● **MATERIAL PROVIDED**:
^^^^

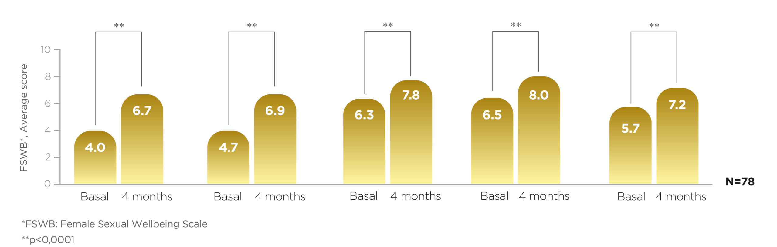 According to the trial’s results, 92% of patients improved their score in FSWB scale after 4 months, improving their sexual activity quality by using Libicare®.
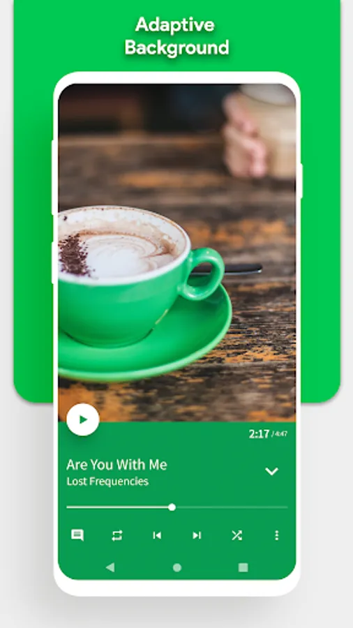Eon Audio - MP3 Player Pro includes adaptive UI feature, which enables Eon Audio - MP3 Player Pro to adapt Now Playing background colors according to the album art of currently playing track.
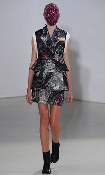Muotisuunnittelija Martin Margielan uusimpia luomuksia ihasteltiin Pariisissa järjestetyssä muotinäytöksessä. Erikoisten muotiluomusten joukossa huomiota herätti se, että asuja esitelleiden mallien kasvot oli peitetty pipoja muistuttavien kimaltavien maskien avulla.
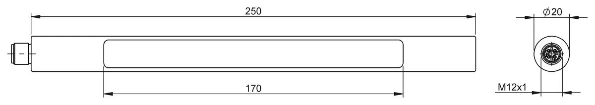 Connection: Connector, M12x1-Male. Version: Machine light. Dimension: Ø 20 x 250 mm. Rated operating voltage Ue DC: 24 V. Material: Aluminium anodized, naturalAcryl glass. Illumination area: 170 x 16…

^^^^

● **WHAT IS REQUIRED**:
Every line from the start of the listing above through the line with "Eon Audio - MP3 Player Pro includes" should be repeated exactly; skip the pictures and add nothing else.

● **SOLUTION TO THIS EXERCISE**:
 According to the trial’s results, 92% of patients improved their score in FSWB scale after 4 months, improving their sexual activity quality by using Libicare®.
Eon Audio - MP3 Player Pro includes adaptive UI feature, which enables Eon Audio - MP3 Player Pro to adapt Now Playing background colors according to the album art of currently playing track.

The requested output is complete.